I'm working on speech in conversational speaking turns and want to extract words that are repeated across turns. The task I'm grappling with is to extract words that inexactly repeated.
Data:
X <- data.frame(
speaker = c("A","B","A","B"),
speech = c("i'm gonna take a look you okay with that",
"sure looks good we can take a look you go first",
"okay last time I looked was different i think that is it yeah",
"yes you're right i think that's it"), stringsAsFactors = F
)
I have a for
loop that successfully extracts exact repetitions:
# initialize vectors:
pattern1 <- c()
extracted1 <- c()
# run `for` loop:
library(stringr)
for(i in 2:nrow(X)){
# define each 'speech` element as a pattern for the next `speech` element:
pattern1[i-1] <- paste0("\\b(", paste0(unlist(str_split(X$speech[i-1], " ")), collapse = "|"), ")\\b")
# extract all matched words:
extracted1[i] <- str_extract_all(X$speech[i], pattern1[i-1])
}
# result:
extracted1
[[1]]
NULL
[[2]]
[1] "take" "a" "look" "you"
[[3]]
character(0)
[[4]]
[1] "i" "think" "that" "it"
However, I also want to extract inexact repetitions.
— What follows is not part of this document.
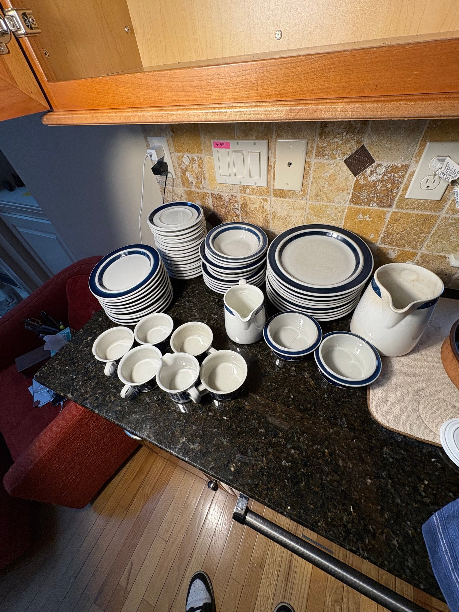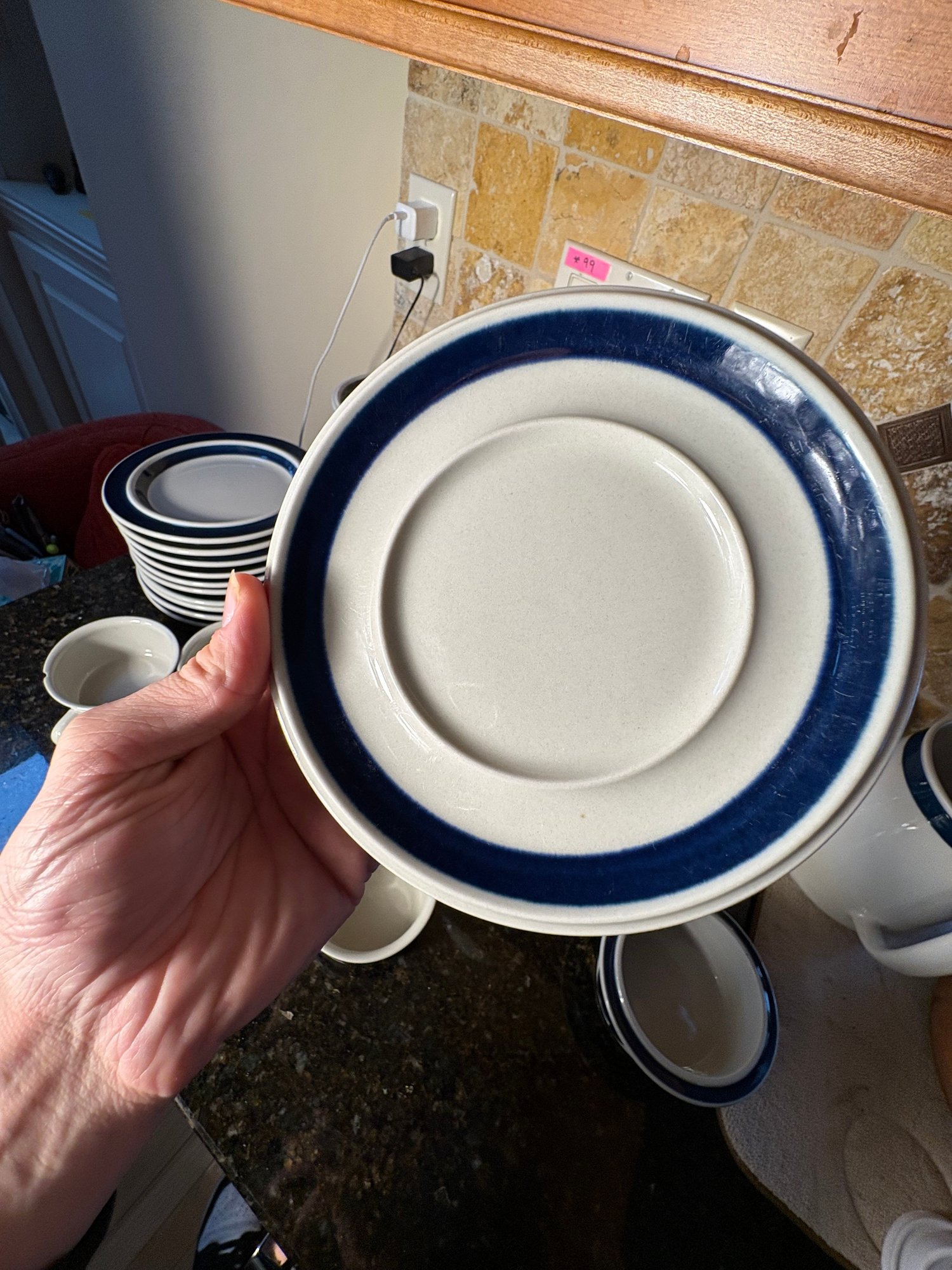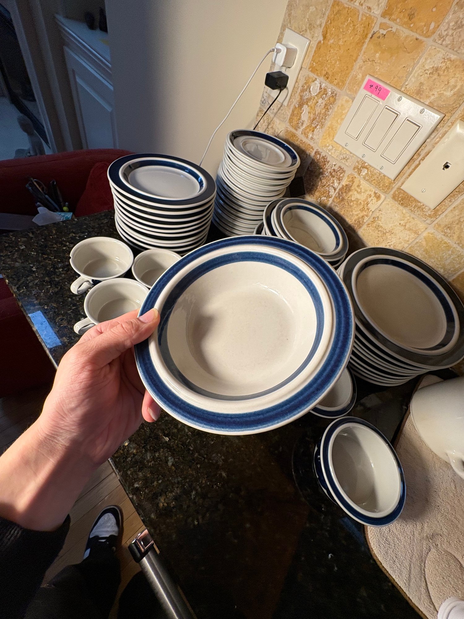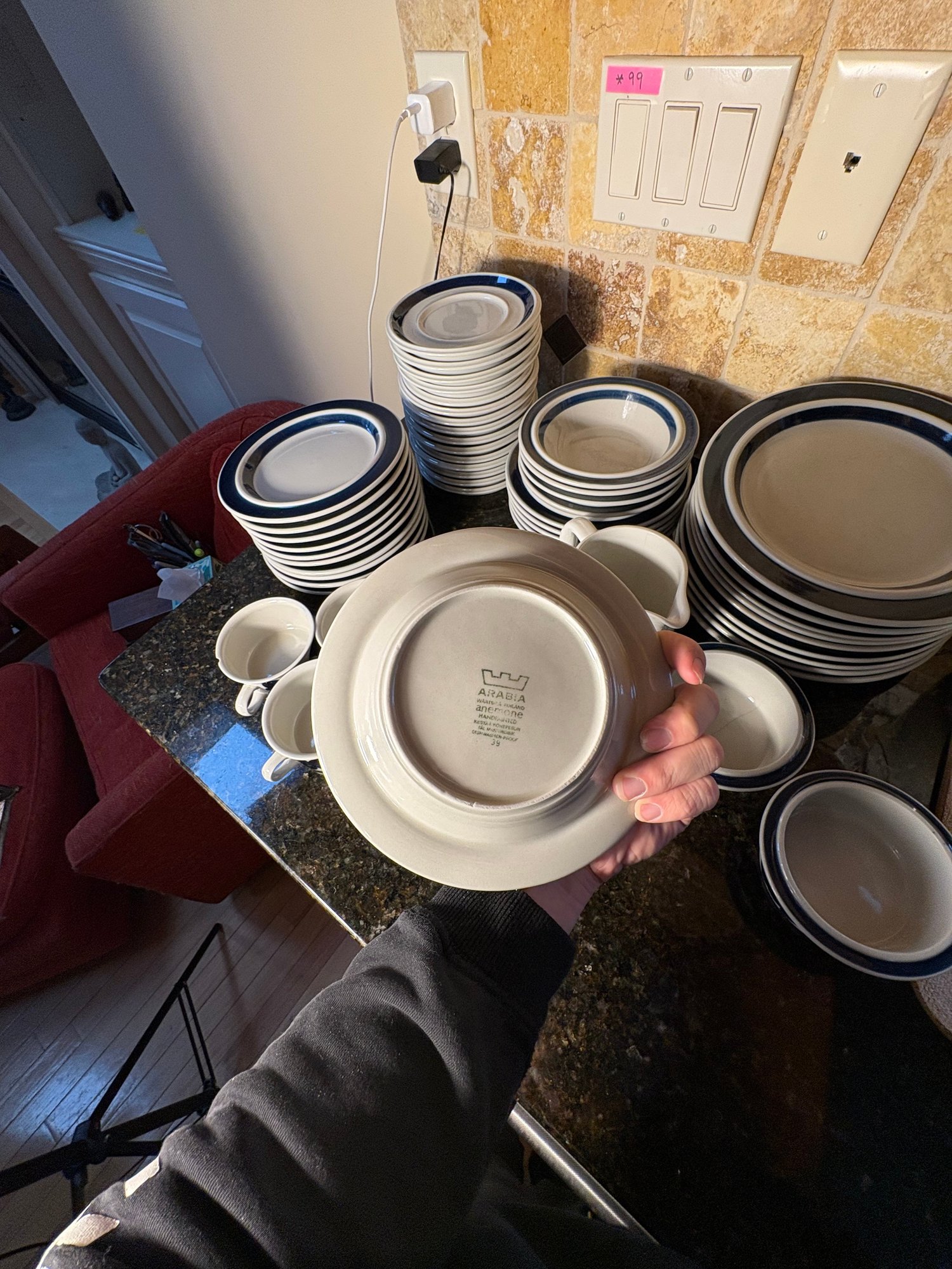 Dimensions approximately large china plate 9 pc diameter 10 inches. Medium plate 10pc 8 inches in diameter. Small plate 15pc 6.5 inches in diameter. Small bowl 4pc 7 inches in diameter. Large bowl 6pc 8 inches in diameter. Medium tea cup 4.5 inches in diameter 5.25 inches tall. Small tea cup 4 pc 4 inches in diameter. Ramekin 4 inches in diameter. Large tea cup 6 inches in diameter 7.5 inches tall

For example, looks
in row #2 is an inexact repetition of look
in row #1, looked
in row #3 fuzzily repeats looks
in row #2, and yes
in row #4 is an approximate match of yeah
in row #3.
I've recently come across agrep
, which is used for approximate matching, but I don't know how to use it here or whether it's the right way to go at all. Any help is greatly appreciated.
Note that the actual data comprises thousands of speaking turns with highly unpredictable content so that it's not possible to define a list of all possible variants beforehand.